薄利多売の出版社にとっては、少しでも高く設定したいという気持ちはわ
からないでもない。アマゾンとしては、できるかぎり安く販売したほうが、
集客力が高まるためメリットが大きい。
 両社の交渉は難航した。するとアマゾンは自社でのマクミランの書籍の
販売を停止した。その対応には世間から批判が集まった。
 しかしながら、今年の1月31日付で、アマゾンはマクミランの要求を受
け入れるとの声明を発表した。「14.99ドルが妥当かどうかは、アマゾンの
顧客自身が判断すべきもの」と述べている。
 この出来事はアマゾンが出版社に対して強い力を持ち始めたことを物語っ
ている。
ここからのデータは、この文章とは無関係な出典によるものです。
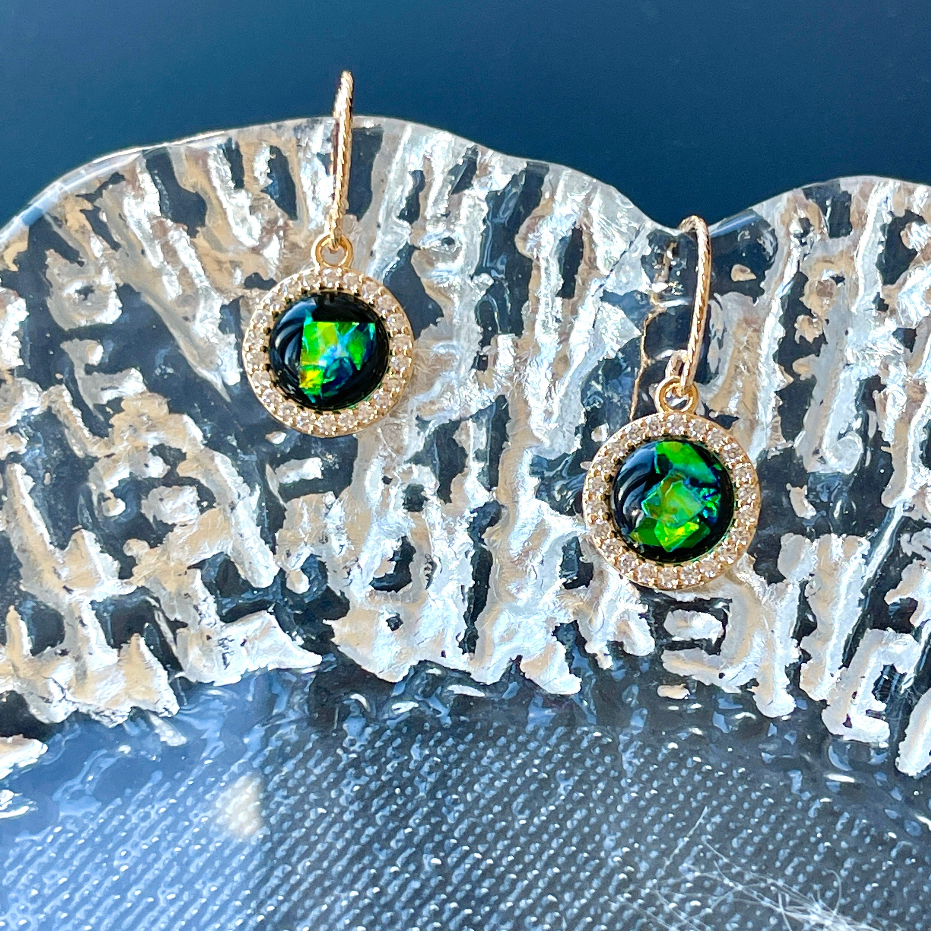 Pendientes colgantes de alambre con ópalo de fuego verde esmeralda de gran calidad. Acabado chapado en oro de 14 quilates de alta calidad con diamantes de circonita cúbica rodeados. El hermoso ópalo verde tiene un tono iridiscente de aurora boreal y cambia de color con la luz. Impresionante artesanía delicada. Brilla intensamente con diferentes luces. El verde esmeralda le da un aire vintage y lujoso. ¡Una verdadera obra de arte!

日本でも似たようなことが起きる可能性はある。
 私はこのような事態が発生した場合、「中・長期的に見て、どちらの主
張が出版文化の発展に貢献するか?」という基準で判断したいと考えてい
る。低価格設定が出版社を潰すことになってもいけないし、高価格が読者
離れを引きおこしてもいけない。その当たりの判断が難しいところだ。
 ただ、全体的に見れば、電子書籍の普及は出版文化の発展にとって歓迎
すべきことであることが間違いないと考えている。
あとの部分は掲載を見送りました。